Decomposition characteristics of SF6 in an electrical tube furnace and a pilot system by combustion

• Published in: The Korean journal of chemical engineering Vol. 39; no. 10; pp. 2615 - 2622
• Main Authors: Lee, Joongwon, Kim, Miyeong, Byun, Younghwan
• Format: Journal Article
• Language: English
• Published: New York Springer US 01.10.2022; Springer Nature B.V; 한국화학공학회
• Subjects: Biotechnology; Catalysis; Chemistry; Chemistry and Materials Science; Combustion; Decomposition; Decomposition reactions; Fuel-air ratio; Greenhouse effect; Greenhouse gases; Industrial Chemistry/Chemical Engineering; Materials Science; Process Safety; Process Systems Engineering; Sulfur hexafluoride; Thermal decomposition; Tube furnaces; 화학공학; Combustion; Decomposition Rate; Thermal Decomposition; SF6 (Sulfur Hexafluoride); Global Warming Gas
• ISSN: 0256-1115; 1975-7220
• DOI: 10.1007/s11814-022-1141-0

Sulfur hexafluoride (SF 6 ) is widely used in a variety of industrial processes and commercial products. However, this chemically stable gas is one of the most potent greenhouse gases (GHGs) contributing significantly to global warming.

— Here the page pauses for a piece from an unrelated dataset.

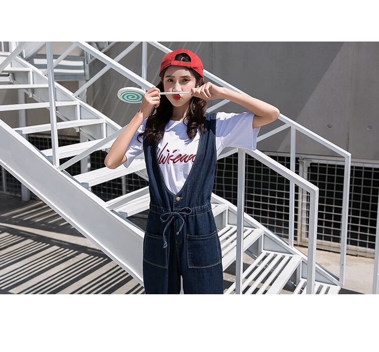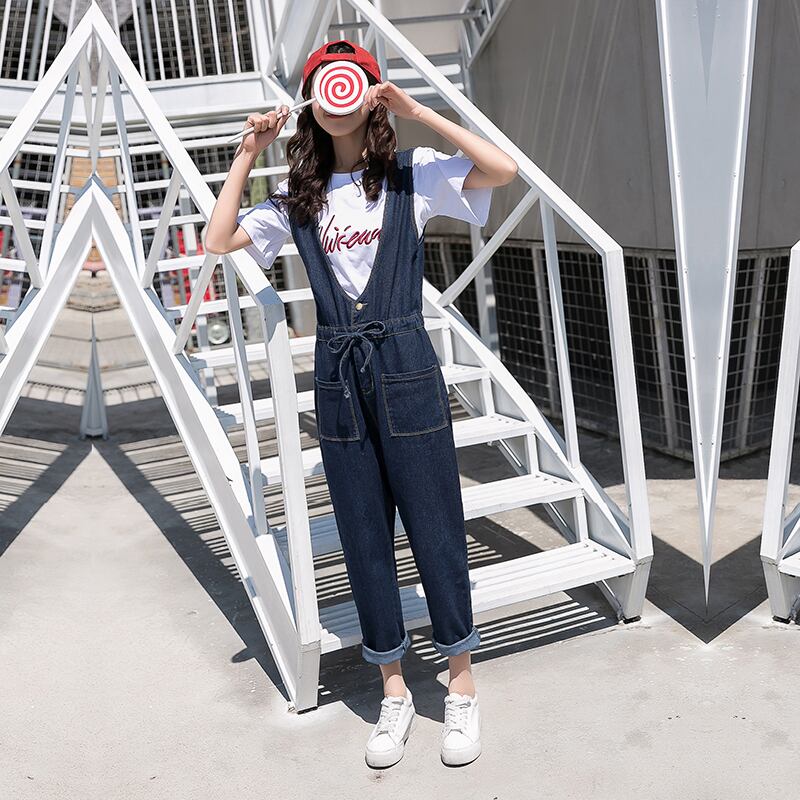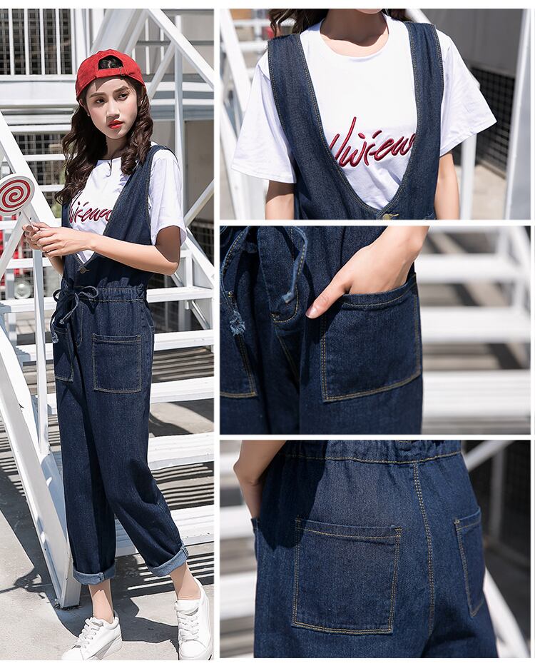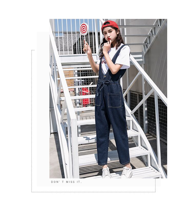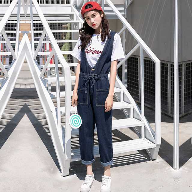 《入荷待ち》オールインワン サロペット オーバーオール インディゴブルー デニム パンツ つなぎ ハイウエスト ウエストマーク リボン カジュアル 大人可愛い 大きいサイズ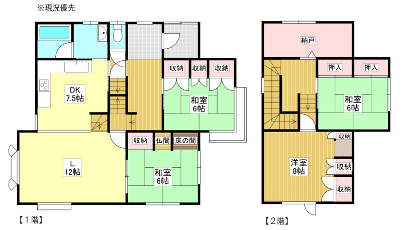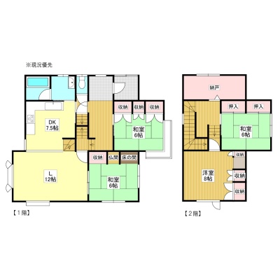 引渡し 即時 現況 空き 取引態様 仲介 物件No 仲介手数料概算 不動産会社へお問合せください 設備・特徴 備考 ・令和7年固定資産税等年税額:年47,900円 ・売却理由:相続不使用・契約不適合責任免責 ・建物本体及び付帯設備一切は修理修繕を行わない現状渡しとします。 ・土地については、整地や造成、樹木伐採等を一切行わない現状渡しとします。 ・境界非明示 ・確認申請 有 ・完了検査 有 ・落雪 無 ※物件状況については必ず現地ご確認下さい。 ※現況雨漏り有り、未修理のまま現状渡しとなります。 学区色がついているアイコンをクリックすると、本物件までの道順を見ることができます。

Therefore, to reduce greenhouse gas such as SF6, a new eco-friendly, economic, and stable treatment technology is required. In this study, the thermal decomposition characteristics of SF6 were investigated using a laboratory scale electrical tube furnace reactor and combustion-based pilot system. Based on these results, the SF 6 decomposition reaction order is around 1 and its activation energy (E a ) in the investigation temperature range is 238.04–257.18 kJ/mol. This value is used to calculate the reactor size when designing a commercial facility. Also, the experimental results of a combustion-based pilot system indicate that SF 6 supply location, reaction temperature, supplied concentration, and fuel/air ratio could affect SF6 decomposition efficiency. The results demonstrate that a 99.9% decomposition efficiency could be achieved in the combustion.